++++ Input records
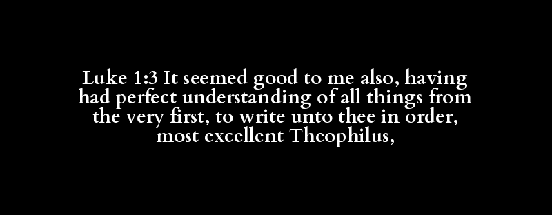Luke 1:3 It seemed good to me also, having had perfect understanding of all things from the very first, to write unto thee in order, most excellent Theophilus,
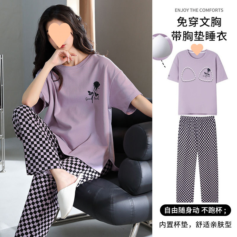 新しいスタイルの胸パッド付きパジャマ、女性用純綿、夏用半袖長ズボン、カジュアルでゆったりとした大きいサイズのホームウェアセット
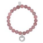 Rose Quartz Bracelet with Diamond Open Heart Charm - 8mm
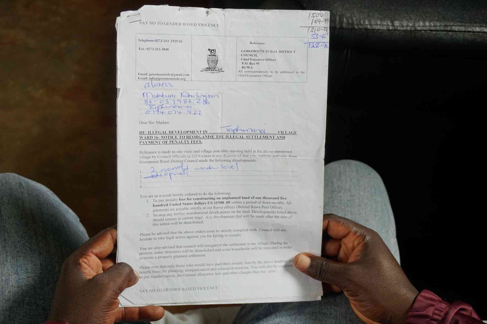 Darlington Mutakura’s eyes welled up with tears as he read the official notice from the local council. US$1,500. That’s what they wanted him to pay. A fine for acquiring land through traditional leaders, a practice that had been passed down through generations.
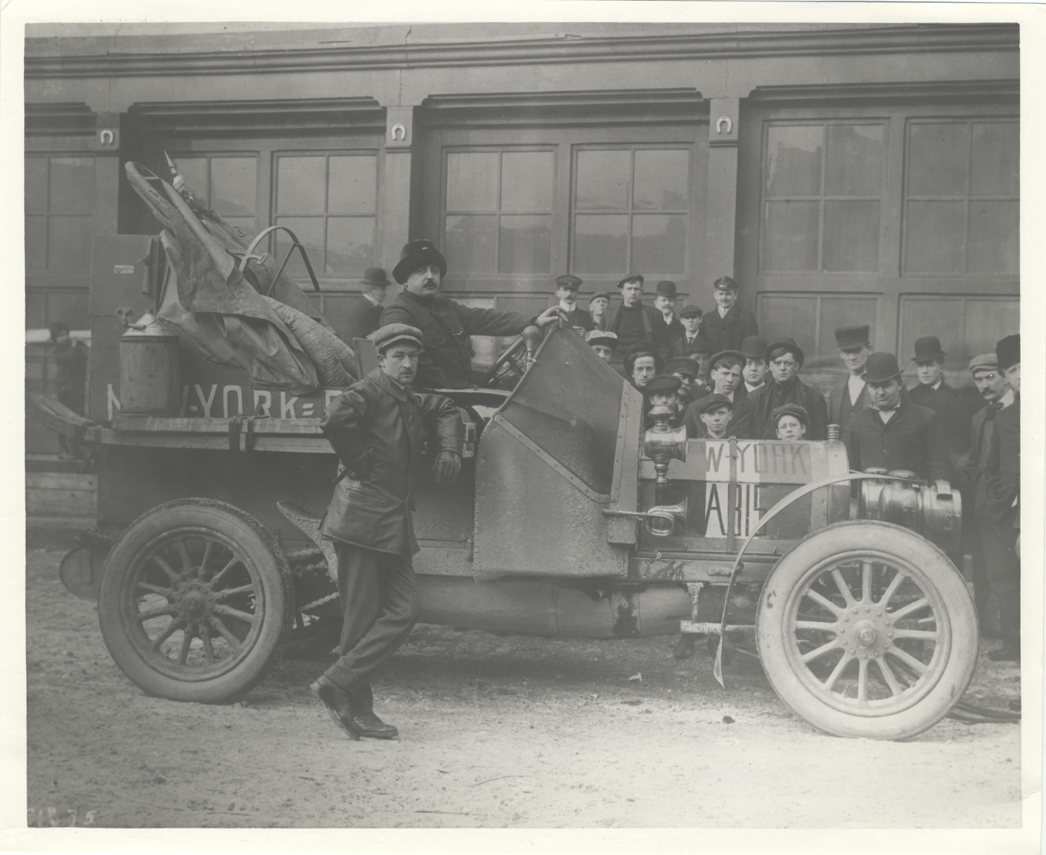 View of two motorists posing with Zust car in front of building during 1908 New York to Paris Race. Onlookers stand on sidewalk in background. Handwritten on back: "Races and racing--New York to Paris, 1908."
++++++++
Try it :: The answer must consist solely of the lines from the one with "新しいスタイルの胸パッド付き" through the final line of the data, each reproduced exactly and with pictures omitted.

Task output ::
 新しいスタイルの胸パッド付きパジャマ、女性用純綿、夏用半袖長ズボン、カジュアルでゆったりとした大きいサイズのホームウェアセット
 Rose Quartz Bracelet with Diamond Open Heart Charm - 8mm
 Darlington Mutakura’s eyes welled up with tears as he read the official notice from the local council. US$1,500. That’s what they wanted him to pay. A fine for acquiring land through traditional leaders, a practice that had been passed down through generations.
 View of two motorists posing with Zust car in front of building during 1908 New York to Paris Race. Onlookers stand on sidewalk in background. Handwritten on back: "Races and racing--New York to Paris, 1908."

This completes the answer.